Dave:
Christ is risen!
Perhaps my situation is a little less challenging than yours, but we are a "split" household, so to speak. I'm a cradle Byzantine Catholic, and my wife was raised as a Methodist (despite her father being Roman Catholic, and her mother originally Russian Orthodox - long stories, both ...).
Given my wife's Russian ethnic background on her mother's side, she connects well socially with our Church and our customs (she can put a very traditional basket together for Easter, and prides herself on her Pascha). Yet, even the other day (unsolicited), she said that she can never see herself converting. Her reasons are often those heard in opposition to the Roman Catholic line of thinking, what she likely hears in the media, and its challenging to try to overcome that bias.

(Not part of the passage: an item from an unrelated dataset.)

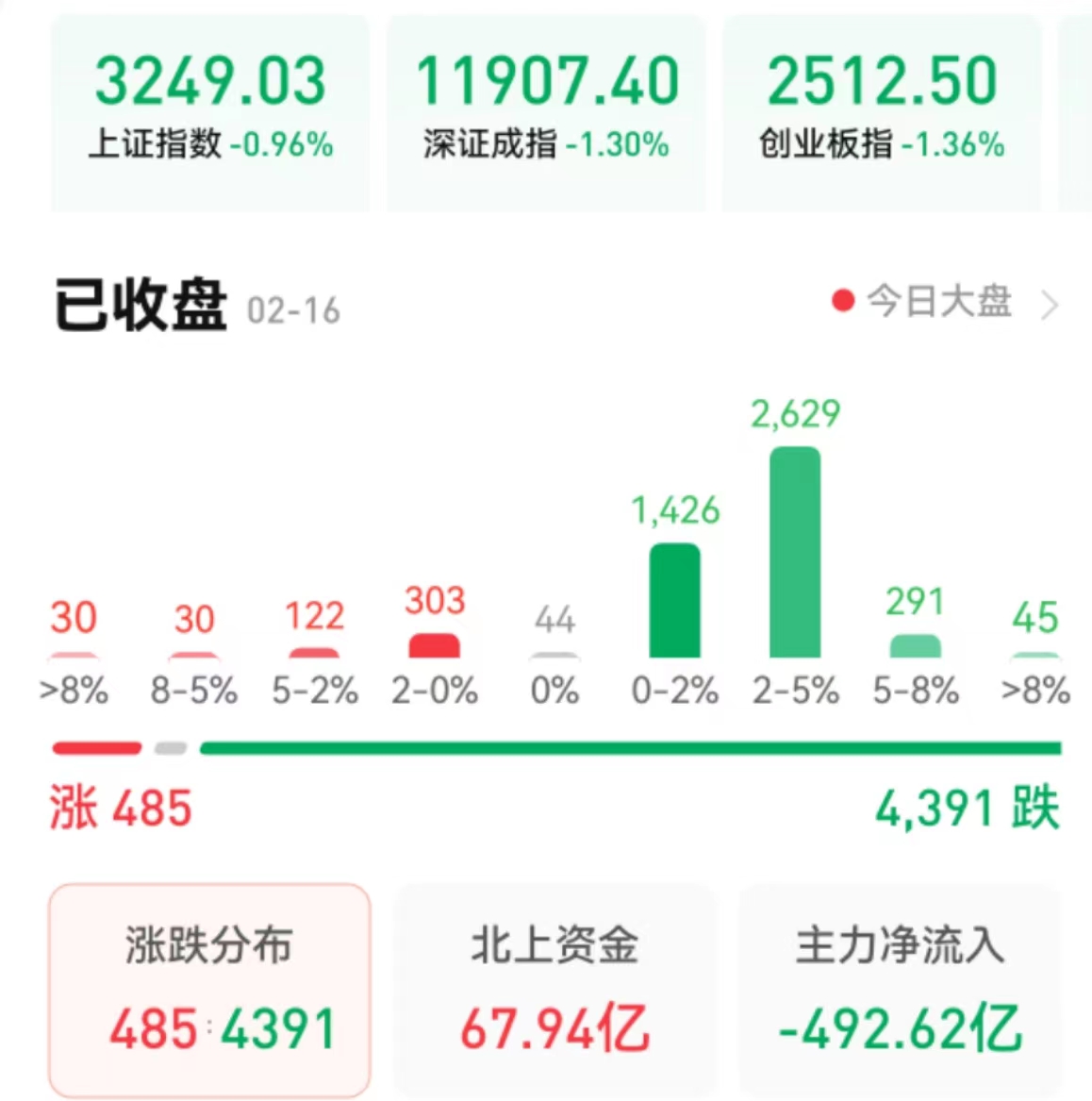 周四(2月16日),A股三大指數震蕩回落,全線下跌。截至收盤,上證指數跌0.96%報3249.03點,深證成指跌1.30%報11907.4點,創業板指跌1.36%報2512.5點;兩市合計成交金額達11930億元,自2月2日以來首次突破萬億元。北向資金凈買入67.94億元??傮w上看,兩市個股跌多漲少,近4400只個股下跌。其中,漲停個股達23只,跌停個股達4只。

Yet, we attend DL faithfully on Sundays and days of precept, and remain fully committed to raising our children as Byzantine Catholics, as we committed before marriage.
In that regard, we both remain bound to the family's Church, and I know of a few other families (including one where the husband is also a deacon in the Byzantine-Ruthenian Church) that are in similar situations.
What remains is a commitment to the children, and a mutual respect between the husband and wife, bound in marriage through Christ, and with Christ as the center of the marriage and family.
I still struggle to think of how I might be able to convince my wife, but she is strong willed and intelligent. In that regard, there is little difference between her and the many strong willed Eastern European women of my own family and ancestry.